A change in application of the property triggers an output VAT declaration obligation and this created an up-front cash flow problem for the developer.
Since 2012 the problem had been addressed by permitting developers to temporarily lease for (3) three years without having to account for the output VAT. At the end of the three years output VAT would have to be paid even if the residential property continued to be let temporarily. Alternatively, if there was a permanent change of intent within the three-year period, the output VAT would be paid in the VAT period within which the change of intent was made permanent. This relief regimen ended on 1 January 2018.
A new relief provision has become effective from 1 April 2022 and the binding general ruling of 21 June 2023 explains how this is to be applied in tandem with several other allied provisions of the VAT Act.
The current dispensation requires that the temporary letting be for no longer than (12) twelve months, and that the adjustment accounting for output VAT be done at the inception of the lease and not, as in the previous dispensation, at the end of the (3) three-year leasing relief period.

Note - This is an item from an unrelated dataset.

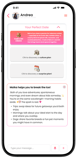 Buscamos que las conexiones no se queden en el chat. Por eso creamos My Perfect Date, donde cada día te proponemos 3 planes personalizados según los gustos de ambos. Con un clic puedes reservar directamente.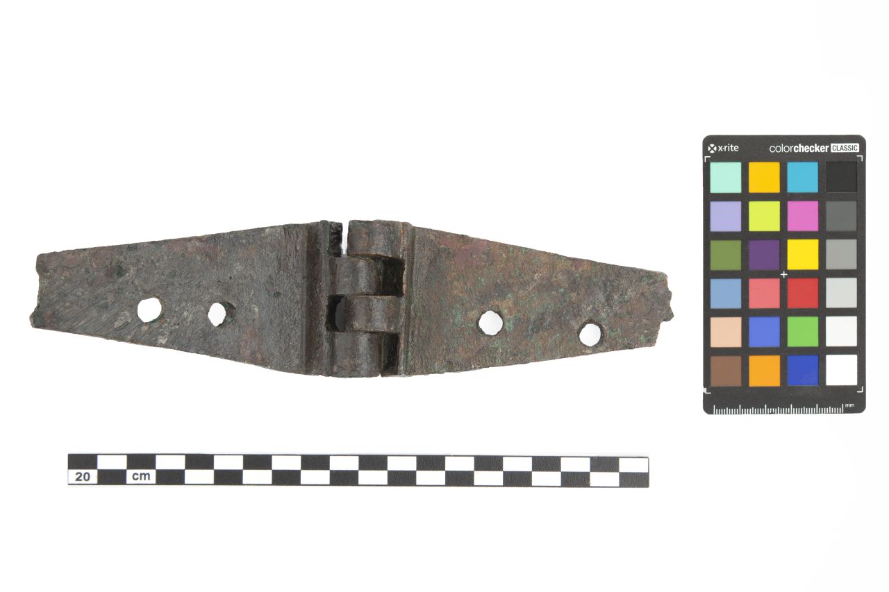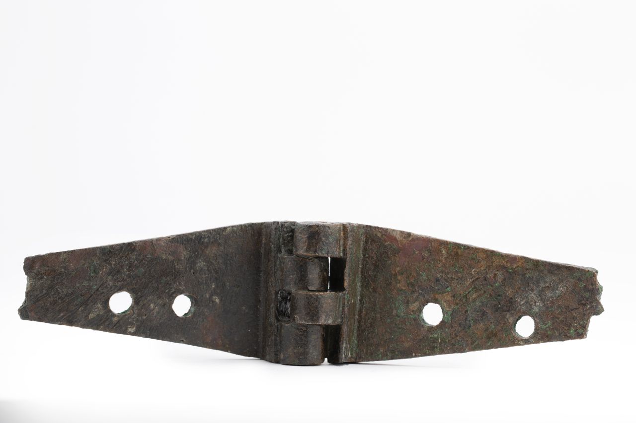 A forma di placca trapezoidale a margine interno ripiegato ad L. Cerniera a quattro larghi anelli cilindrici che conservano ancora tracce del tubolare in ferro. Le placche hanno tre lati profilati e due larghi fori per chiodi di innesto

A significant additional change is that the computation of the output VAT is not calculated with regard to the open market value of the property, but instead against the adjusted cost to the developer of construction, extension or improvement to the fixed property.
The implication is that developers temporary letting property for a period exceeding (12) twelve months after 1 April 2022, will not be able to use the new relief provision. Neither will those developers who let property temporarily in the period 1 January 2018 to 31 March 2022. Nor will those developers that have used the relief previously available. In these cases, where an adjustment is required, it is to be calculated on the open market value of the property and not the adjusted cost of construction, extension or improvement.
Should the property be sold during the (12) twelve-month lease period, or there is a permanent change of intention to let the property instead of holding it for sale, the VAT accounted for at the inception of the lease may be claimed as an input credit, against the VAT output that is due as a result of the sale or change of intention. The consideration for the computation of this output VAT is based on the open market value of the property. The time for its payment is the earlier of date of payment or registration.
The position is slightly different when the twelve-month lease expires. Once the VAT adjustment is made on the day after the lease expires and is accounted for in the corresponding VAT period, any subsequent sale is a matter for transfer duty.
Given the complexities relating to both the quantum and timing of the adjustments; it is suggested that all current leasing arrangements and corresponding VAT compliances be reviewed by a professional so as to ensure alignment with the requirements of SARS as outlined in the general binding ruling.